2

  1. If I have a 2d array B defined as :

    int B[2][3] = {{1,3,5},{2,4,6}};

    Is int **p = B same as int (*p)[3] = B ?

  2. int **f = B; printf("%d ",*f+1);

    gives 5 as output while printf("%d ",*f) gives 1 as answer. Why is that happening?

  3. printf("%d ",**f);

    returns a segmentation fault! Why?

Improve this question
3
  • yeah! its a typo. Corrected it
    – Dubby
    Commented Aug 1, 2014 at 12:42
  • That's a pointer to a 1D array, not a pointer to a 2D array.
    – Qaz
    Commented Aug 1, 2014 at 12:51
  • This may be a bit helpful.
    – ST3
    Commented Aug 1, 2014 at 13:07

2 Answers 2

Reset to default
3

  1. No. int **p = B; is an error. (Both a compilation error, and a logical error). An int ** must point to an int *. However, there are no int * stored in B. B is a group of contiguous ints with no pointers involved.

  2. int **f = B; must give a compilation error.
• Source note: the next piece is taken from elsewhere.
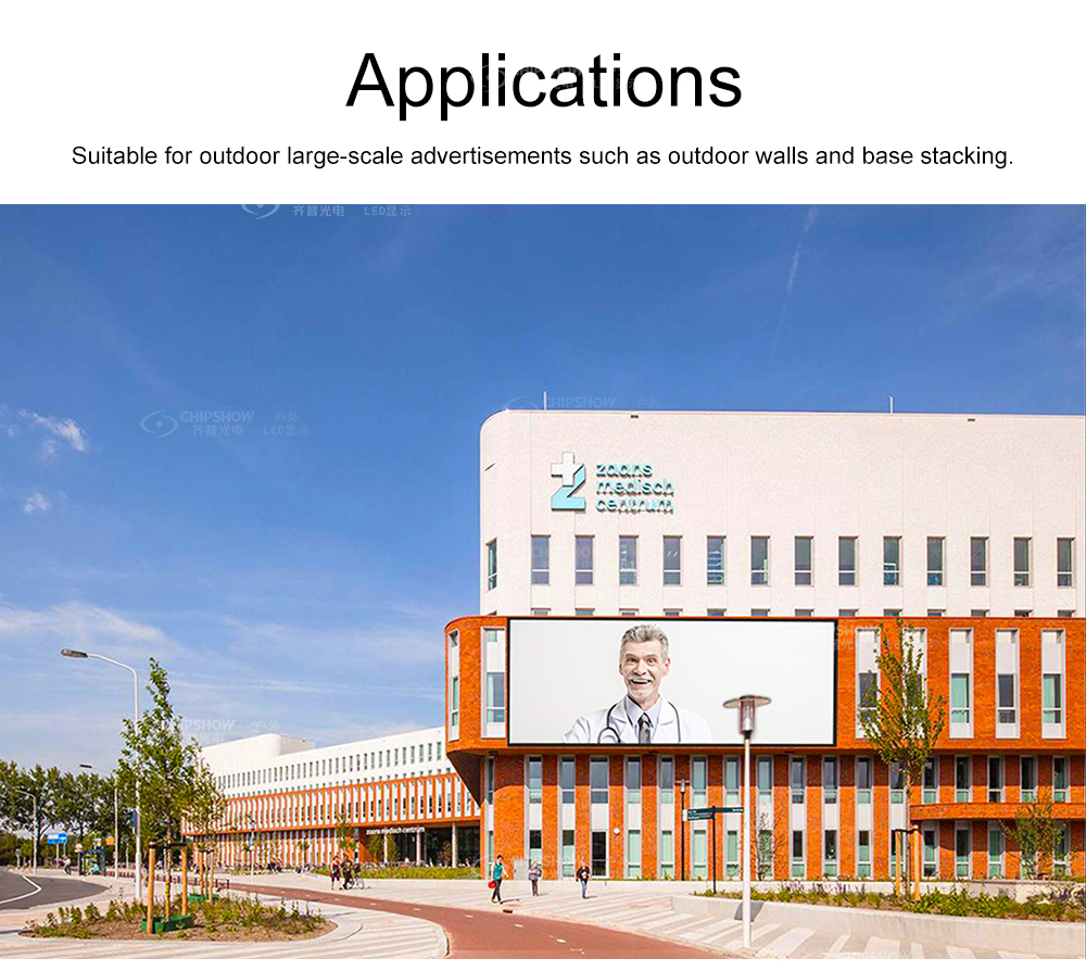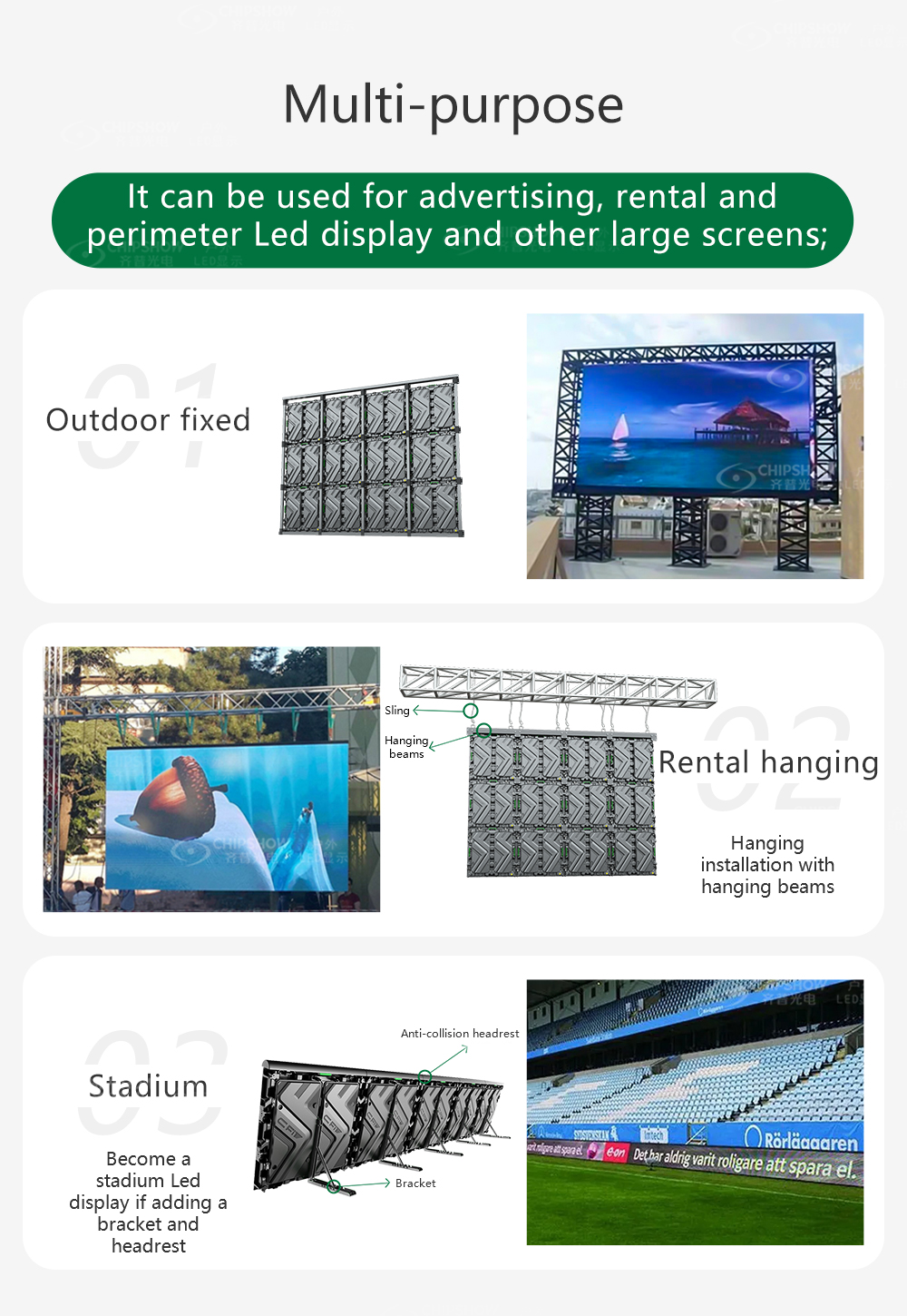3 أغراض متعددة: يمكن لشاشة Billboard C-FIT يمكن استخدامها كحل عرض ثابت فعال من حيث التكلفة ، وحل عرض الإيجار الذي يدعم التثبيت المعلقة ، وحل عرض أسوار محيط الاستاد ؛

The behaviour of any executable generated as a result is completely undefined.

  3. See 2.

To explain why you might be seeing 1 and 5. (The C standard does not define this, but your compiler bulls on ahead anyway). Probably your compiler treats the line as

int **f = (int **)B;

Then the expression *f will read bytes from the storage of B (which actually hold ints) and pretend that those are the bytes that make up a pointer representation. This is further undefined behaviour (violation of strict-aliasing rules). Probably the result of this is that *f is a pointer to address 0x00000001.

Then you print a pointer by using %d, causing further undefined behaviour. You see 1 because your system uses the same method for passing int to printf as it does to pass int *.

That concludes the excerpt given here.